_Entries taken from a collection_

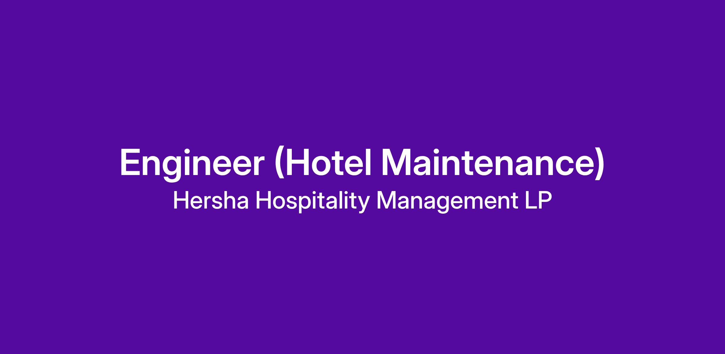 Engineer (Hotel Maintenance)
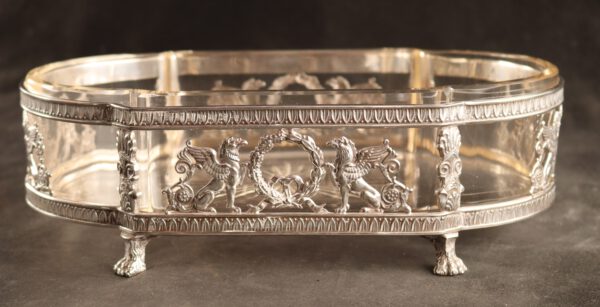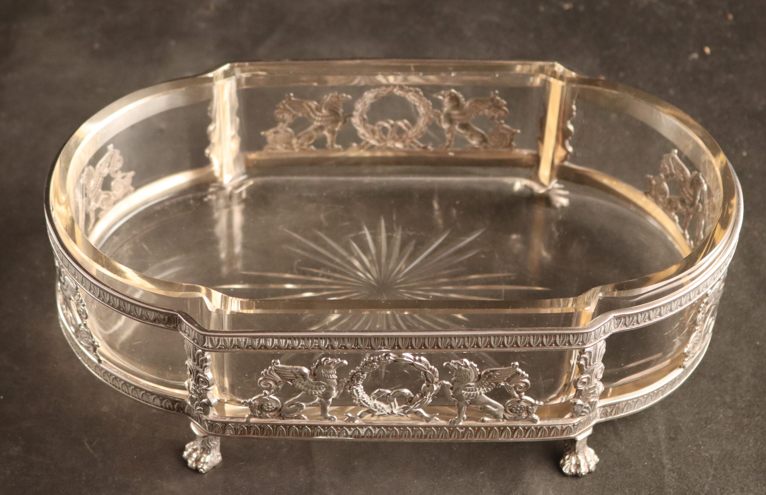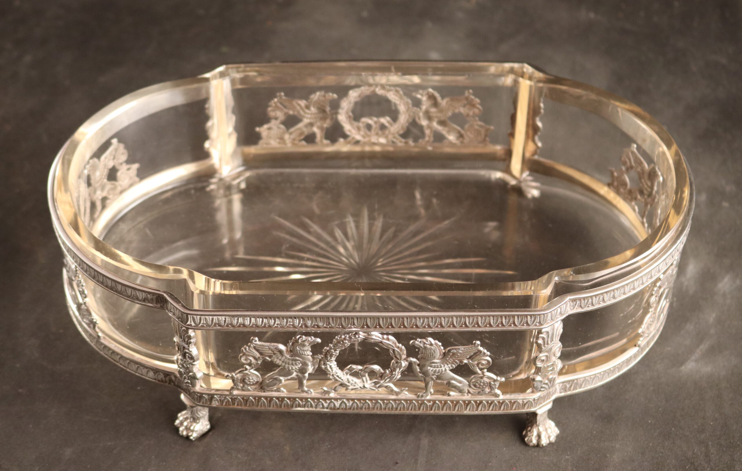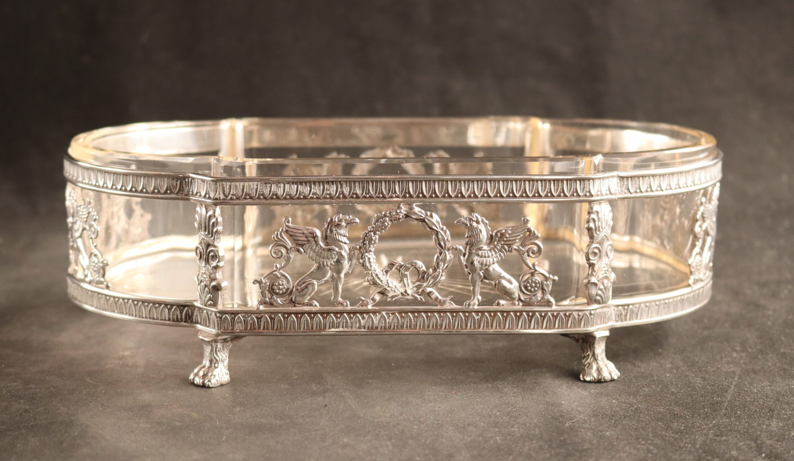 Zeer fraaie antieke kristallen jardinière die gevat zit in een verzilverd bronzen Empire montuur.
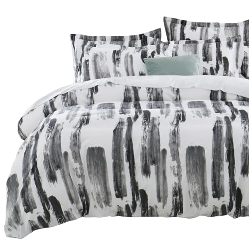 BedLooms Single Duvet Cover Set Printed Brushed Microfiber Duvet Covers Breathable & Hypoallergenic Bedding Set with 1 Pillow Case (Grey Stripe 135x200 cm)
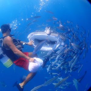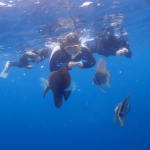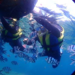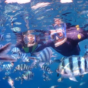 シュノーケリングでジンベイザメと泳げるなんて...半信半疑で集合場所にいきました。それが船から海に入ると、本当にジンベイザメが目の前に...感動的でした。まったく危険もないので安心です。絶対お薦めです!!!
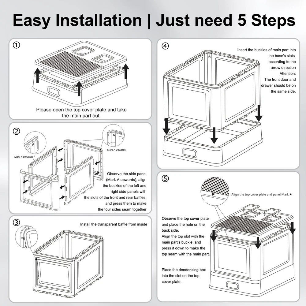 Enclosed Stainless Steel Cat Litter Box with Lid & Drawer Design for Indoor All Lifestyles Cats, Metal Covered Cat Litter Box, Baffles for Anti-Leakag, with Litter Scoop & Litter Mat Fully Odor Control:Fully-enclosed design and 2 air purification vent traps smells instantly. Hide waste and keep your home fresh – no more awkward odors in living rooms or bedrooms. Single door entry and exit, the design height is suitable for all cats, especially kittens and old cats with inconvenient legs and feet. Kittens can use it from childhood to old age! Cleaning Magic for Cat Owners: Slide-out drawer allows instant access without disassembly, saving 70% cleanup time. Dual-layer EVA litter mat blocks 99% of tracked-out sand – reclaim your floor from daily mess Built to Last Decade: Stainless steel drawer resists scratches, wipes clean effortlessly. No plastic stains or lingering smells – a dream for meticulous pet parents Big Cat Paradise: Large spacious cabin fits 12-pound chonks comfortably. Secure enclosed design boosts cats’ privacy, ending cramped accidents forever. Dimensions: height 38cm/15inch, width 41cm/16.1inch, depth 51cm/20.1inch Leakproof Armor for Wooden Homes: 35° inner guard blocks urine splashes, even for high-sprayers. Seam-sealed edges protect floors – wooden homes can finally breathe easy.

_Problem requirements_
From the opening line of the entries above to the line that holds "シュノーケリングでジンベイザ", inclusive, reproduce each line exactly and omit any picture.

_Task result_
 Engineer (Hotel Maintenance)
 Zeer fraaie antieke kristallen jardinière die gevat zit in een verzilverd bronzen Empire montuur.
 BedLooms Single Duvet Cover Set Printed Brushed Microfiber Duvet Covers Breathable & Hypoallergenic Bedding Set with 1 Pillow Case (Grey Stripe 135x200 cm)
 シュノーケリングでジンベイザメと泳げるなんて...半信半疑で集合場所にいきました。それが船から海に入ると、本当にジンベイザメが目の前に...感動的でした。まったく危険もないので安心です。絶対お薦めです!!!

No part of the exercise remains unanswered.